LEITFADEN FÜR DAS ERSTELLEN VON PROMPTS

LEITFADEN FÜR DAS ERSTELLEN VON PROMPTS
Ein guter Prompt macht eine Aufgabe verständlich: Was soll entstehen, für wen und nach welchen Kriterien? Dieses Briefing lässt sich Schritt für Schritt entwickeln. Zwei Vorlagen helfen dabei: eine für den eigenen Prompt, eine für den Umbau vorhandener Prompts mit Platzhaltern.
Wer mit einer KI arbeitet, muss die richtige Aufgabenbeschreibung oft erst finden. Vielleicht möchtest du Fachartikel für einen Newsletter zusammenfassen, einen Workshop planen oder eigene Texte überarbeiten. Du kennst dein Vorhaben. Welche Angaben das Modell dafür braucht, zeigt sich manchmal erst im Gespräch.
Dieser Leitfaden führt dich von der Idee zu einem verwendbaren Prompt. Du erfährst, welche Vorgaben wichtig sind, wie gezielte Rückfragen helfen und wie du das Ergebnis prüfst.
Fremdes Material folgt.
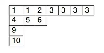 The tableaux is formed by stacking boxes side by side and up-down such that the states symmetrised with respect to all particles are given in a row and the states anti-symmetrised with respect to all particles lies in a single column. Following rules are followed while constructing the tableaux:[17]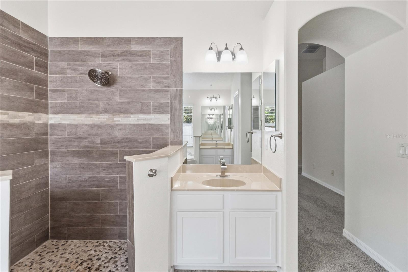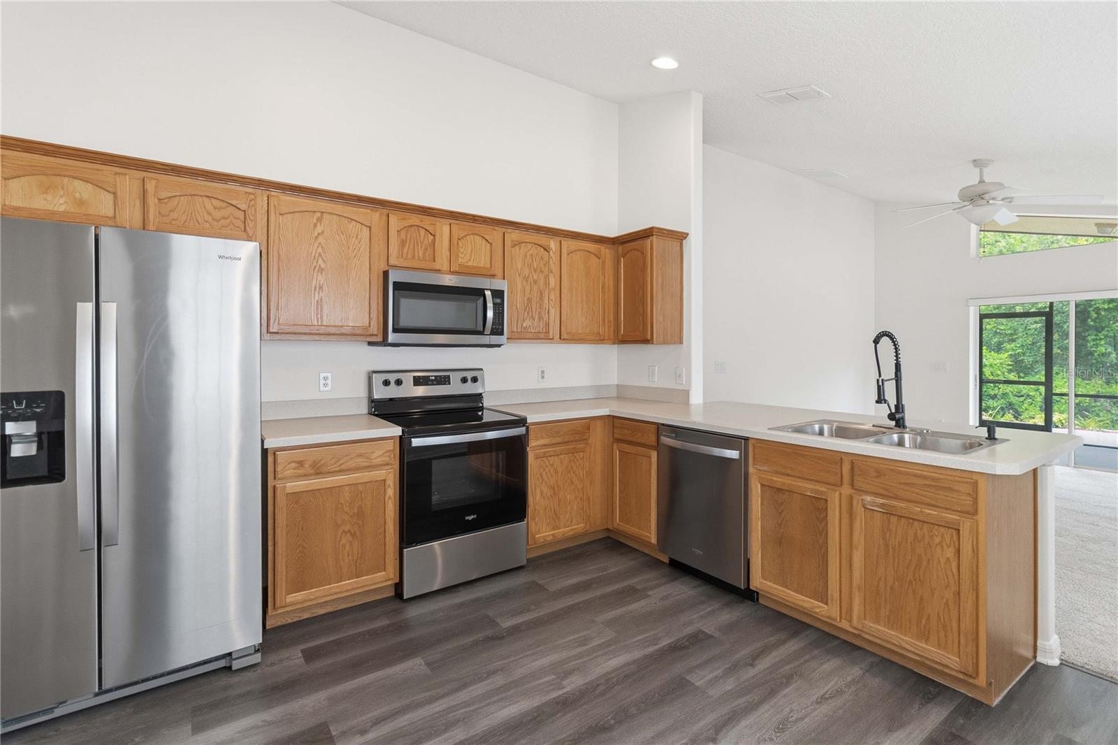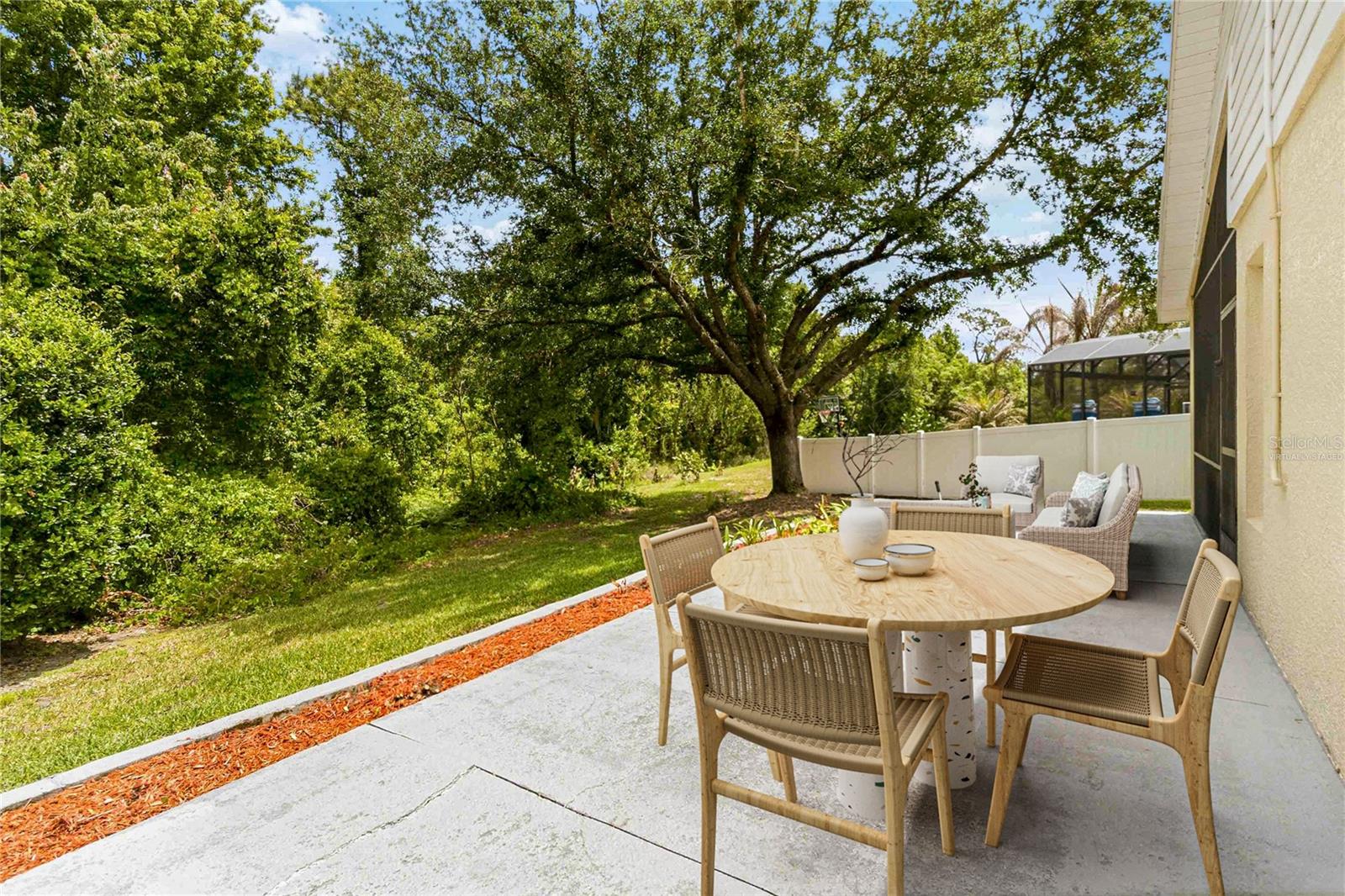 Welcome to this beautifully updated 4-bedroom, 2-bathroom home nestled in the quiet Moss Park subdivision, offering low HOA fees and a serene private conservation view with a screened lanai from which to enjoy it. This single-story residence features high ceilings throughout, creating an open and airy feel, along with brand-new carpet and vinyl plank flooring and fresh interior paint for a move-in-ready experience. The kitchen is equipped with all stainless steel appliances, and an additional refrigerator in the garage provides extra convenience. Energy efficiency is a standout with owned and fully paid-off solar panels and a solar hot water heater, helping to significantly reduce utility costs. A water softener system is also included for added comfort. The roof was replaced just five years ago, offering peace of mind for years to come. Natural Gas community so you have the option for a gas stove, dryer, and heater is natural gas. Low HOA and NO CDD. Ideally located just minutes from Lake Nona and Medical City, you’ll enjoy easy access to shopping, dining, major highways including 417 and 528, and Orlando International Airport—with the beach only 45 miles away. This home combines comfort, efficiency, and prime location in one exceptional package.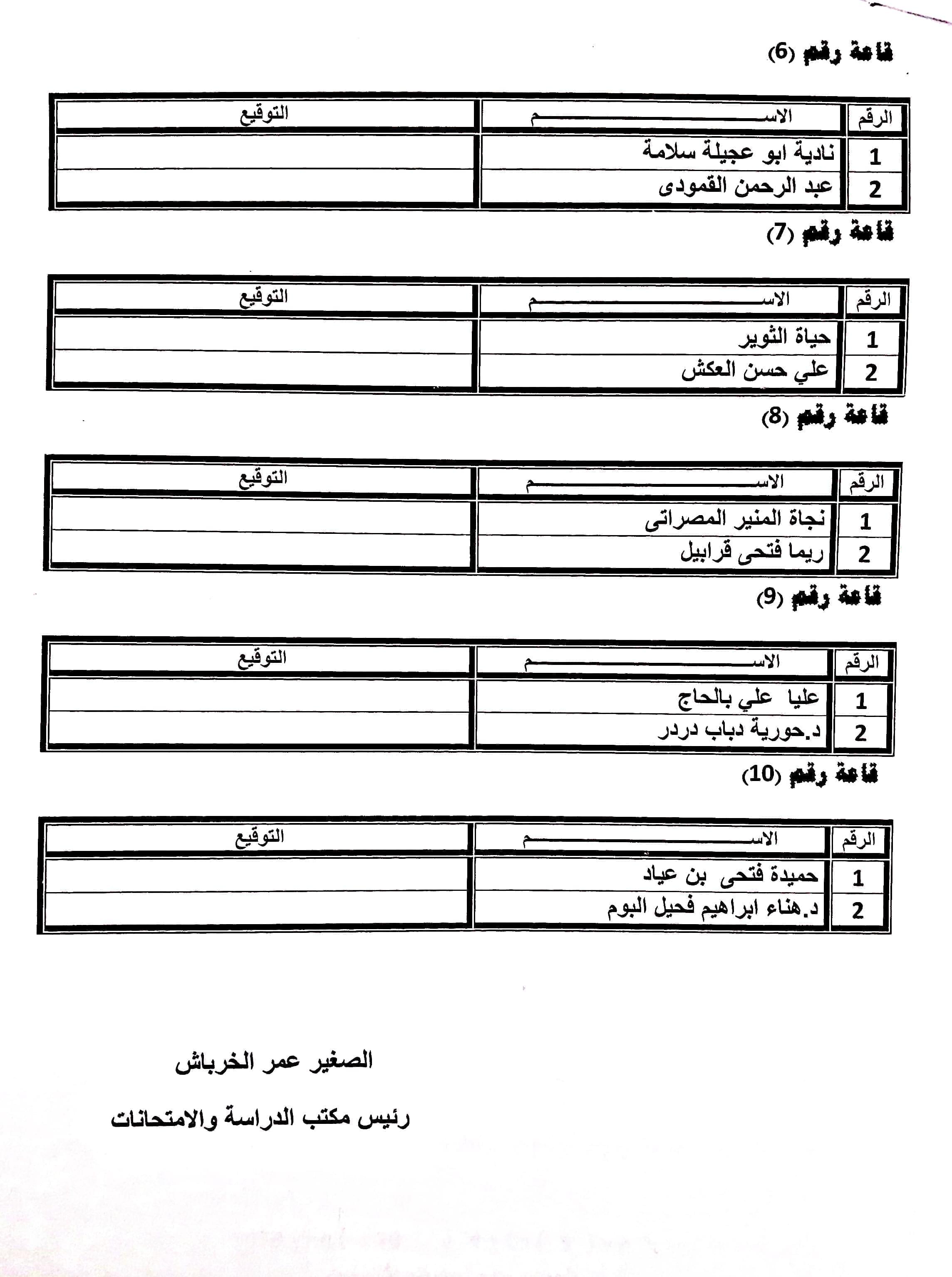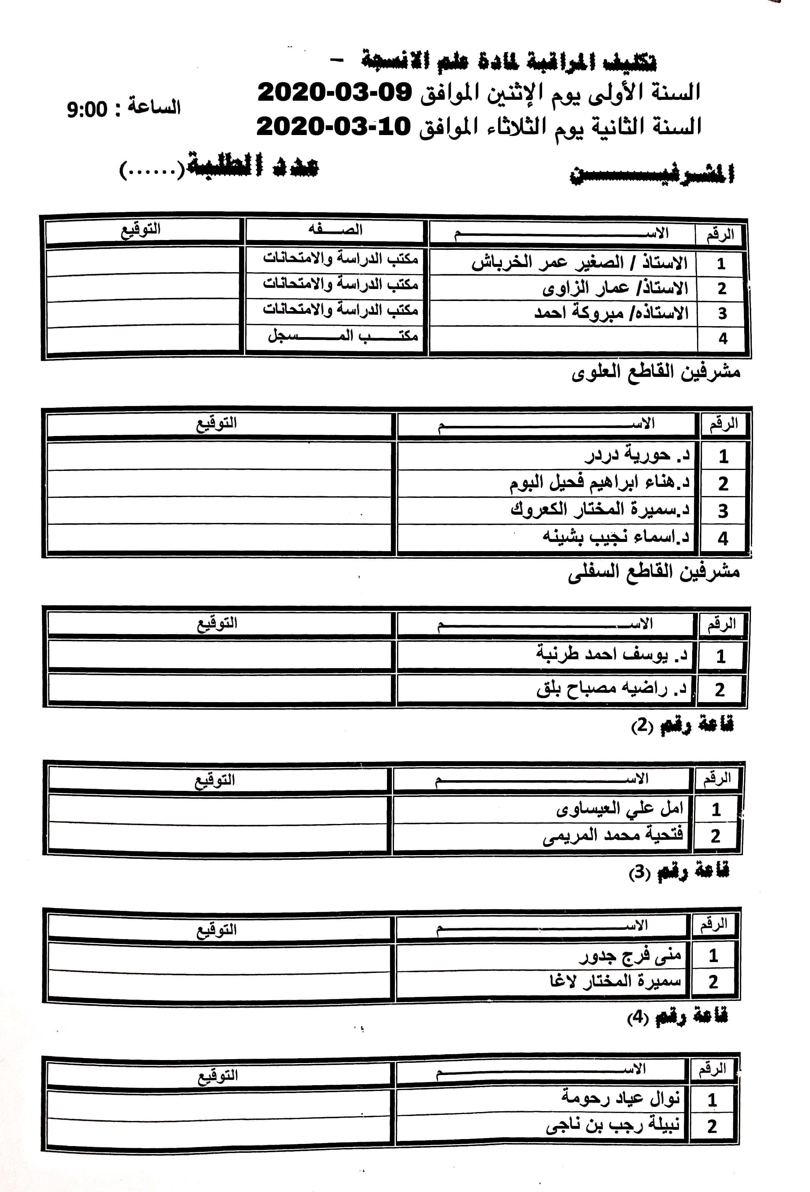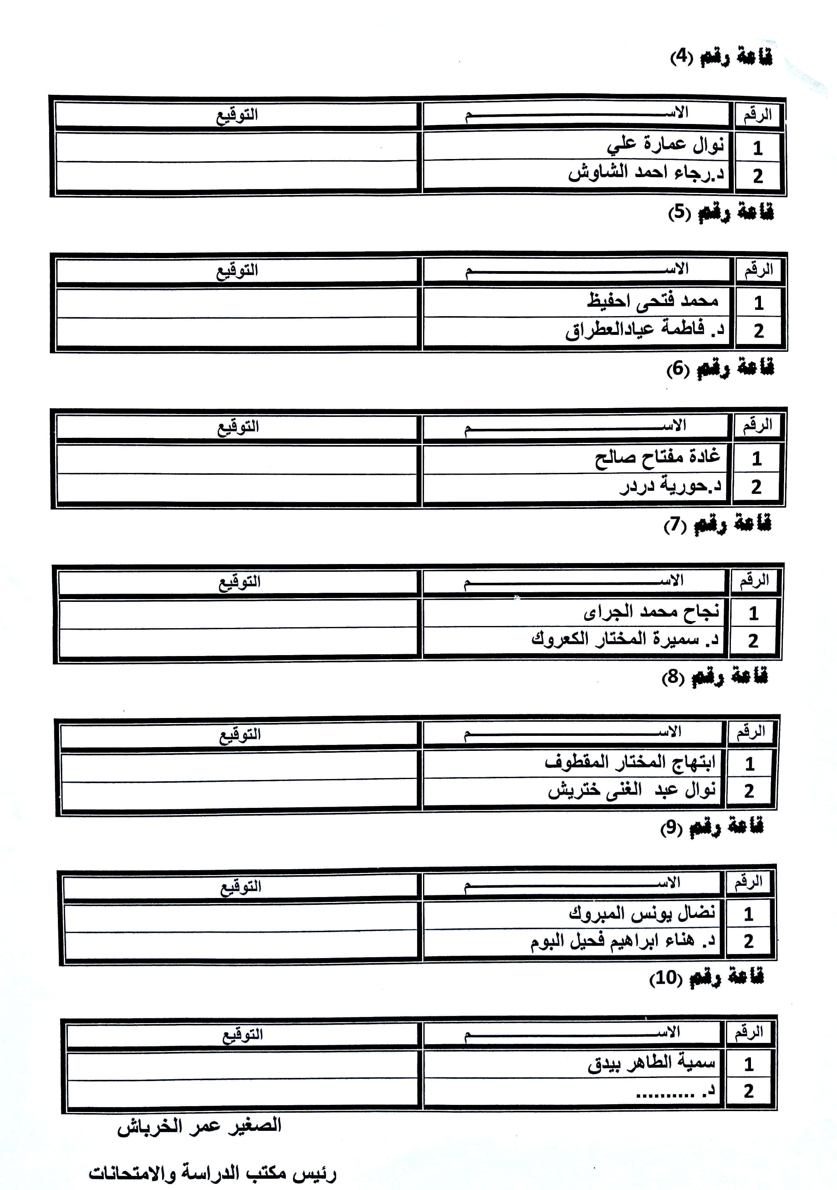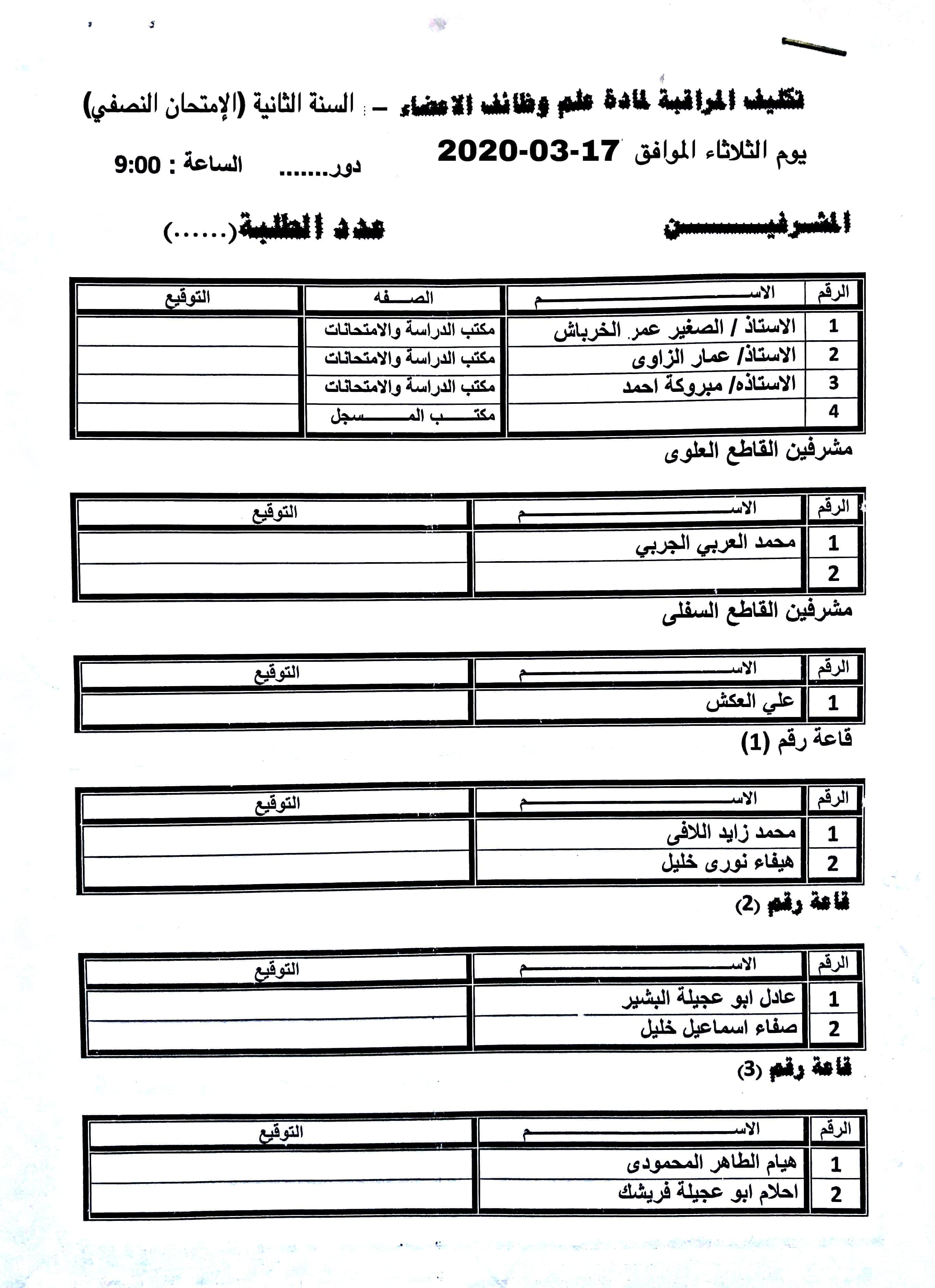 أسماء المكلفين لمراقبة الإمتحانات النصفية للسنتين الأولى والثانية طب بشري .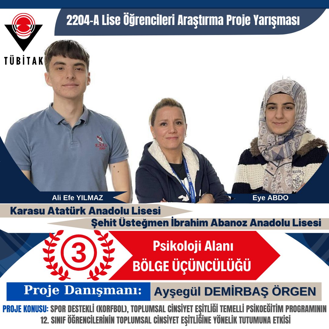 Karasu Atatürk Anadolu Lisesi Öğrencisi Ali Efe YILMAZ ve Şehit Üsteğmen İbrahim Abanoz Anadolu Lisesi Öğrencisi Eye ABDO, Danışman Öğretmenleri Ayşegül DEMİRBAŞ ÖRGEN rehberliğinde hazırladıkları “Spor Destekli (Korfbol), Toplumsal Cinsiyet Eşitliği Temelli Psikoeğitim Programının 12. Sınıf Öğrencilerinin Toplumsal Cinsiyet Eşitliğine Yönelik Tutumuna Etkisi” isimli psikoloji projesi ile bölge üçüncüsü oldular.
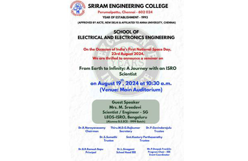 Sriram Engineering College School of Electrical and Electronics Engineering, On the Occasion of India’s First National Space Day, 23rd August 2024, we are thrilled to announce a seminar on ” From Earth to Infinity: A Journey with an ISRO Scientist ” on 19th August 2024 at 10:30 a.m.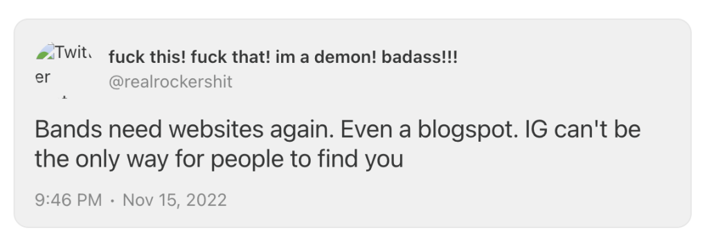 If you’ve got a piece of wisdom from your journey that you’d like to share with almost 250 artists and industry folk that signed up for an email newsletter about email marketing in the heavy metal world (thank you), hit reply, leave a comment, send me an email, or stop by the subscribe chat, and maybe I’ll put it in an upcoming email.
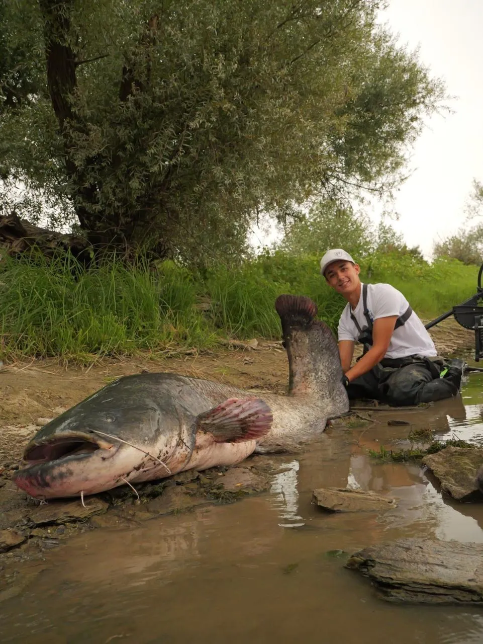 Le jeune homme de 19 ans a sorti de l’eau un silure de 2,44 m, mercredi 20 août, entre Angers et Bouchemaine. © DOCUMENT REMIS | Kévin CHAUVIN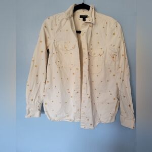 J.Crew Women's Metallic Gold Star Print Button-down Shirt Size XXS Ivory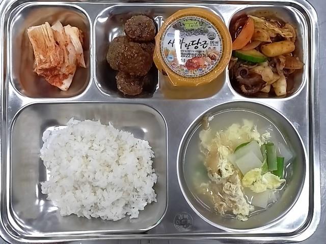 조식 : 현미찹쌀밥,북어채계란국,주꾸미야채볶음,크린베리미트볼,배추김치,케플주스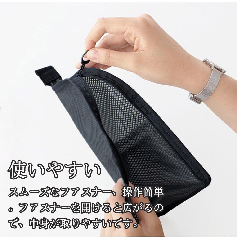 使いやすい:半透明で中身が分かりやすいです。ファスナーを開けると広がるので、中身が取りやすい。これの利点の一つです。シンプルなデザインで学生の方には旅行時に持っていく旅行用品としてはもちろん、社会人の方にも出張のお供のトラベル用品としてもできます。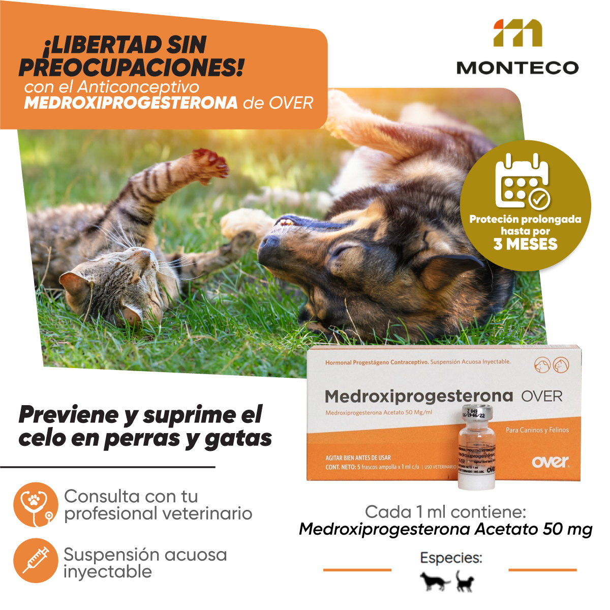 Medroxiprogesterona es un anticonceptivo hormonal inyectable para perras y gatas indicado para prevenir o postergar el celo de forma temporal. Se utiliza cuando se desea evitar gestaciones no planificadas sin recurrir a una esterilización quirúrgica inmediata.

Die beiden Kopiervorlagen kommen ohne Felder aus, die du vor dem Absenden ersetzen musst.
Was ein guter Prompt festlegt
Ein Prompt ist hier der Arbeitsauftrag an ein Sprachmodell. Prompt Engineering bezeichnet das Entwerfen, Prüfen und Verbessern solcher Eingaben. Klare Anweisungen, relevanter Kontext und gezielte Überarbeitung gehören zu den Grundlagen, die auch OpenAI in seinem Leitfaden empfiehlt.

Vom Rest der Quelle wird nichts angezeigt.